Three Steps to Buying Penny Stocks
Penny shares are considered to be in the highest risk category for stock investing, with a level of speculation that prompted Congress to pass laws against brokers making buy or sell recommendations on these securities. Brokers are further discouraged from being involved with customer purchases of penny stocks with burdensome levels of paperwork and record-keeping. With no help from financial advisers, the responsibility of finding penny stocks, evaluating their risks, and finding a cost-effective brokerage is placed directly on the shoulders of individual investors.
Finding Penny Stocks
Penny stocks can be found on any of the major exchanges, but the majority of them are quoted and trade on two separate over-the-counter systems; the OTC Bulletin Board and OTC Link, formerly known as the Pink Sheets. Because of the financial condition of the companies that trade on these markets, finding penny stocks is a relatively easy task, but there is a significant difference between these markets in terms of the disclosure of information. Penny stocks that trade on the OTCBB are required to report earnings and material events under similar regulations as companies trading on the major exchanges, while there are no reporting requirements for OTC Link companies.

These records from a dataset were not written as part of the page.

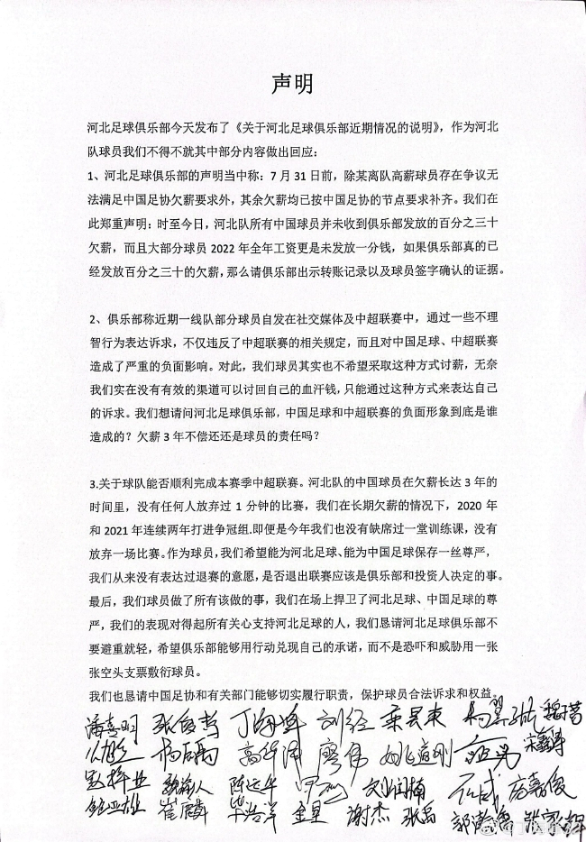 1、河北足球俱乐部的声明当中称:7月31日前,除某离队高薪球员存在争议无法满足中国足协欠薪要求外,其余欠薪均已按中国足协的节点要求补齐。我们在此郑重声明:时至今日,河北队所有中国球员并未收到俱乐部发放的百分之三十欠薪,而且大部分球员2022年全年工资更是未发放一分钱,如果俱乐部真的已经发放百分之三十的欠薪,那么请俱乐部出示转账记录以及球员签字确认的证据。
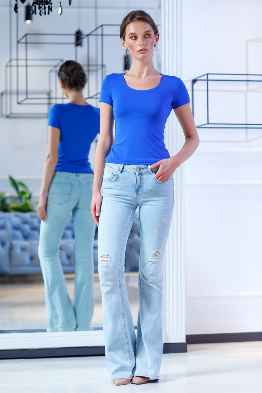 Превосходная футболка. Мягкий трикотаж и полуприлегающий силуэт эффектно подчеркивают фигуру. Модель с округлым вырезом горловины с короткими рукавами. Отличный вариант для повседневного использования.
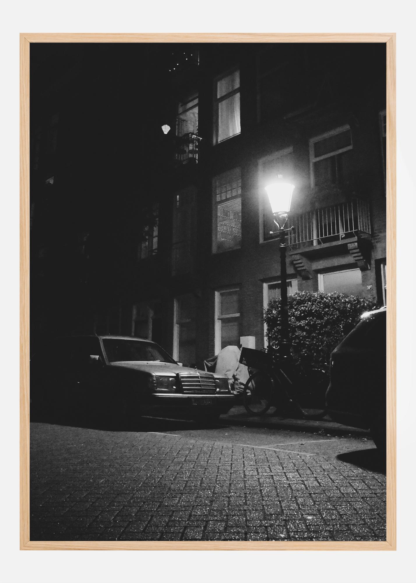 Cette affiche captivante offre un aperçu de la vie urbaine lorsque la nuit tombe. Un réverbère solitaire baigne le trottoir et les voitures garées dans une lumière douce et chaude. Les motifs sont capturés dans une palette monochrome qui renforce les contrastes et les détails de cette scène urbaine paisible. Cette impression est parfaite pour introduire un sentiment de tranquillité et de réflexion dans n'importe quelle pièce, rappelant les moments calmes dans le rythme autrement effréné de la ville.
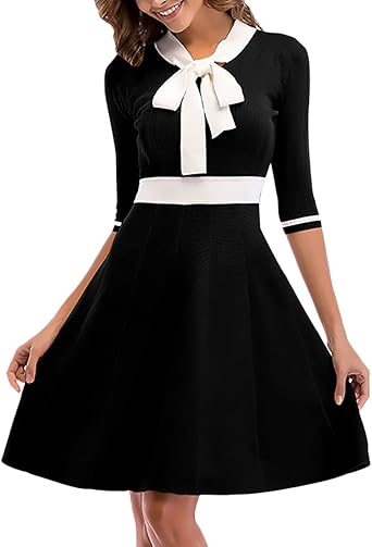 Vestidos De Mujer Vestidos De Fiesta Cortos Elegantes 3 4 Manga Ninas Ropa Bowknot Slim Fit Vestidos Anos 50 A Linea Vintage Moda Vestido Corto Amazon Es Ropa Y Accesorios
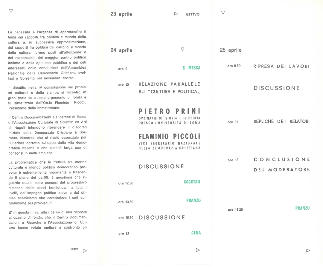 "Politica e cultura", incontro di studio promosso dal Centro di documentazione e ricerche di Roma e dall'Associazione culturale di scienze ed arti di Napoli, Castellammare Terme, 24 - 25 aprile 1966

Evaluating the Risk of Penny Stocks
In addition to carrying the same risks as investing in blue chip stocks, buying penny stocks presents the additional risk of potential price manipulation, also known as "pumping and dumping," because of weaker regulations on over-the-counter markets. Penny stocks that trade infrequently and with low volume are the most susceptible to manipulation, as illiquid share prices can be influenced with small amounts of activity. The risk of manipulation tends to decrease with stocks that consistently trade with higher volumes due to their increased liquidity, which can moderate the degree of share price volatility.
Finding a Broker
With SEC rules prohibiting traditional brokerages from soliciting orders on penny stocks to their customers, buy and sell orders placed through a broker may be charged a standard stock commission absent of any advice. As an alternative there are several online brokers that charge, as of March 2015, fixed commissions of $10 or less for penny stock trades. This list includes Charles Schwab, TD Ameritrade, and ChoiceTrade. Some online brokers offer promotions that include free trading for a finite period with a minimum initial deposit. For example, TD Ameritrade offers 60 days of free trading when a new account is opened with at least $2,000.